We can now pose the problem mathematically 
and solve it using equation (\ref{FP-k}).
Let us imagine that at some initial time $\tau=0$
(in our analysis -- the beginning of the hadronic phase)
 the probability
distribution for each harmonic $f_k$ is given by a Gaussian with
a mean square variance $\<f_k^2\>=\sigma_k^2$. What happens to
this probability distribution with time? Substituting the Gaussian
Ansatz
\begin{equation}
P_k[f_k] = (2\pi\sigma^2_k(\tau))^{-1/2} \exp\left\{-{
f_k^2\over 2\sigma^2_k(\tau)}\right\} ,
\end{equation}
one sees that
equation (\ref{FP-k}) preserves the Gaussian shape of the
probability distribution. The evolution of the distribution can
therefore be described by the evolution of $\sigma_k(\tau)$. The
equation for $\sigma_k(\tau)$ following from (\ref{FP-k})
is given by
\begin{equation}\label{dtausigma}
{\d_\tau}\sigma_k^2 = -2\gamma\, k^2 (\sigma_k^2 - \chi_k),
\end{equation}
with the solution:
\begin{equation}\label{sigma(tau)}
\sigma_k^2(\tau) = \chi_k + (\sigma_k^2(0) - \chi_k)
\exp\left\{-2 k^2 \int_0^\tau \gamma\,d\tau\right\}.
\end{equation}
For simplicity, we neglected the dependence of $\chi_k$ on $\tau$ in the
hadronic phase. Obviously, eq. (\ref{dtausigma})
can be solved for arbitrary $\chi_k(\tau)$, if one is given.
In this paper we apply eq. (\ref{dtausigma}) to
an idealized scenario, in which $\chi_k$
changes abruptly at the QGP-to-hadron-gas transition, and
see how the charge fluctuation magnitude relaxes to its hadron gas
equilibrium value.
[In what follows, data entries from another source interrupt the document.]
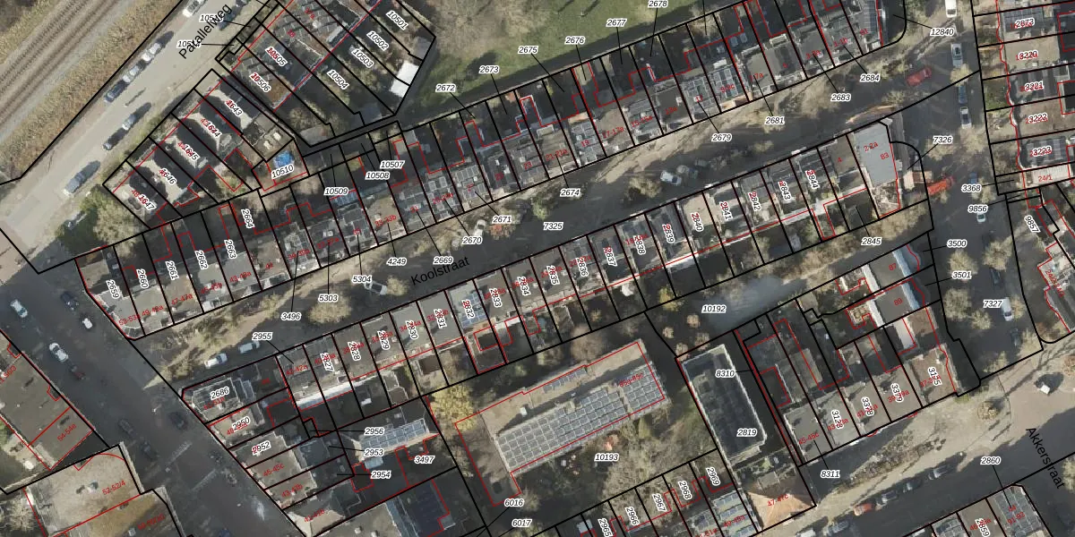 Het perceel waarop Koolstraat 24 staat heeft een oppervlakte van 96 m². Dit is een klein perceel. De perceeloppervlakte wordt geregistreerd door het Kadaster. Gedetailleerde informatie over de maten van dit perceel kunt u vinden in het rapport Kadastrale kaart met maatvoering van Koolstraat 24.
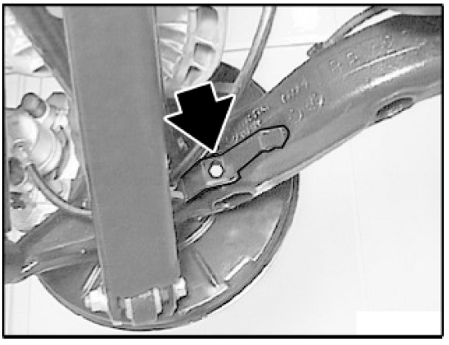 Remove brake caliper on both sides of trailing arm and tie back.
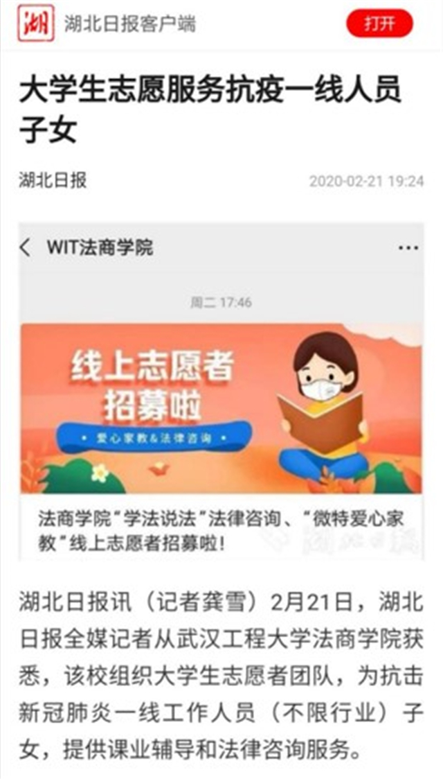 本网讯(通讯员龚雪 方程成)2月21日,湖北日报报道suncitygroup太阳集团“微特爱心家教”“学法说法”法律咨询线上志愿服务团队为抗“疫”一线工作人员及子女提供课业辅导和法律咨询。

Eq. (\ref{sigma(tau)}) demonstrates explicitly
that, due to the local conservation of charge, harmonics with small $k$
relax very slowly. Using eq. (\ref{gamma}),
the exponent in (\ref{sigma(tau)}) can be also written as
$k^2 (\Delta y_{\rm diff})^2$, where
\begin{equation}\label{delta-diff}
(\Delta y_{\rm diff})^2 \equiv
2 \int_0^\tau \gamma\,d\tau
= \int_0^\tau (\delta y_{\rm coll})^2\, {d\tau\over\tau_{\rm
free}}\,
%= k^2 (\Delta y_{\rm diff})^2\ ,
%(\delta y_{\rm coll})^2 N_{\rm coll}, 
\end{equation}
is the mean distance
on which a charged particle diffuses during the time $\tau$.
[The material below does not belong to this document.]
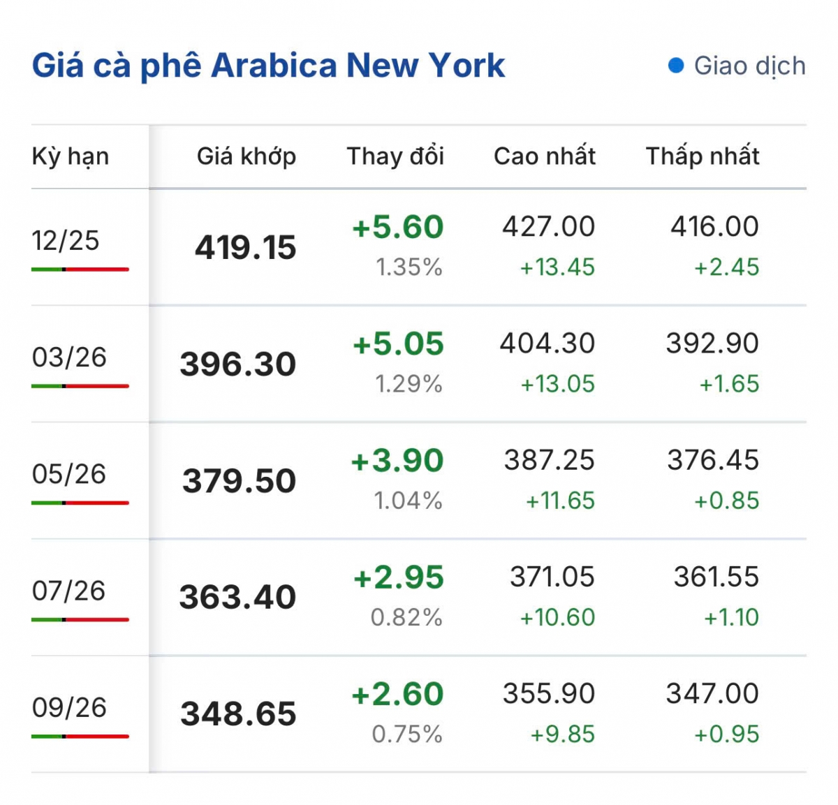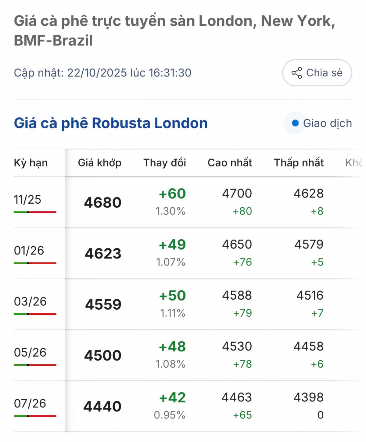 Trên thị trường thế giới, giá cà phê chiều 22/10 (theo giờ Việt Nam) trên 2 sàn quốc tế đều tăng. Cụ thể giá cà phê Robusta kỳ hạn giao tháng 11/2025 trên sàn London tăng 1,30% tương đương tăng 60 USD/tấn lên mức 4680 USD/tấn, trong khi cà phê Arabica giao tháng 12/2025 trên sàn New York tăng 1,35% tương đương tăng 5,60 cent/lb lên mức 419,15 cent/lb so với phiên trước đó.

\subsection{Relaxation in a rapidity window}



In experiment one is measuring the event-by-event 
fluctuation of charge, 
\begin{equation}
Q=\int_{y_1}^{y_2} n\,dy,
\end{equation}
in an interval of rapidity, $[y_1,y_2]$.
This fluctuation, $\Delta Q=Q-\<Q\>$,
 can be written as a weighted sum of the
fluctuations of the Fourier components $f_k$:
\begin{equation}\label{DeltaQck}
\< (\Delta Q)^2 \> = \int {dk\over2\pi}\ |c_k|^2\, \<f_k^2\> = 
\int {dk\over2\pi}\ c_k^2\, \sigma^2_k(\tau).
\end{equation}
The weight is determined by the Fourier harmonics, $c_k$, of the
function equal to unity  for $y\in[y_1,y_2]$ and zero
otherwise, i.e.,
\begin{equation}\label{ck}
|c_k|^2 = {\sin^2(k\Delta y/2)\over (k/2)^2}\ , 
\qquad (\Delta y\equiv y_2-y_1).
\end{equation}
The main contribution is from
harmonics with $k\sim 1/\Delta y$ and smaller. 
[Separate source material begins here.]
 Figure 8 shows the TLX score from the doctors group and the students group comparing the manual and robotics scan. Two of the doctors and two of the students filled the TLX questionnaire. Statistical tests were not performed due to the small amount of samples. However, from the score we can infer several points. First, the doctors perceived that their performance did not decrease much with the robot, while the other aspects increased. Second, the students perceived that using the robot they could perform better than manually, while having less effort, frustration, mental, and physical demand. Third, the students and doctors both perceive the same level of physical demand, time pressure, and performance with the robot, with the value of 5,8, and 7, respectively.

Equations (\ref{sigma(tau)}) and (\ref{DeltaQck}) determine the evolution
of the magnitude of the fluctuation $\< (\Delta Q)^2 \>$.

For example, consider the case when the
hadron gas ``inherits'' from the QGP phase
practically zero fluctuations of the charge (or fluctuations
much smaller than required by hadron gas thermodynamics ---
an idealization of \cite{AHM,koch2}), i.e., $\sigma^2_k(0)\ll\chi_k$. 
Then, using eqs. (\ref{sigma(tau)}),
(\ref{delta-diff}), (\ref{DeltaQck}), and (\ref{ck}), 
we can calculate the magnitude of the fluctuation of the charge $Q$
in the rapidity window $\Delta y$ after time $\tau$:
\begin{eqnarray}
\< (\Delta Q)^2 \> &=& \int {dk\over2\pi}\ 
{\sin^2(k\Delta y/2)\over (k/2)^2} \ 
\nonumber\\&&\times\ 
 \chi_k\left(1 - \exp\left\{-k^2 (\Delta y_{\rm diff})^2\right\}\right) 
\nonumber\\&&=
\chi_0 \Delta y\ F\left(x\right),
\nonumber\\&&
x\equiv {\Delta y_{\rm diff}\over(\Delta y/2)}.
\label{DeltaQ}
\end{eqnarray}
The dependence
on time $\tau$ and rapidity window $\Delta y$ enters through the ratio
$x$ of $\Delta y_{\rm diff}$ given by (\ref{delta-diff}) 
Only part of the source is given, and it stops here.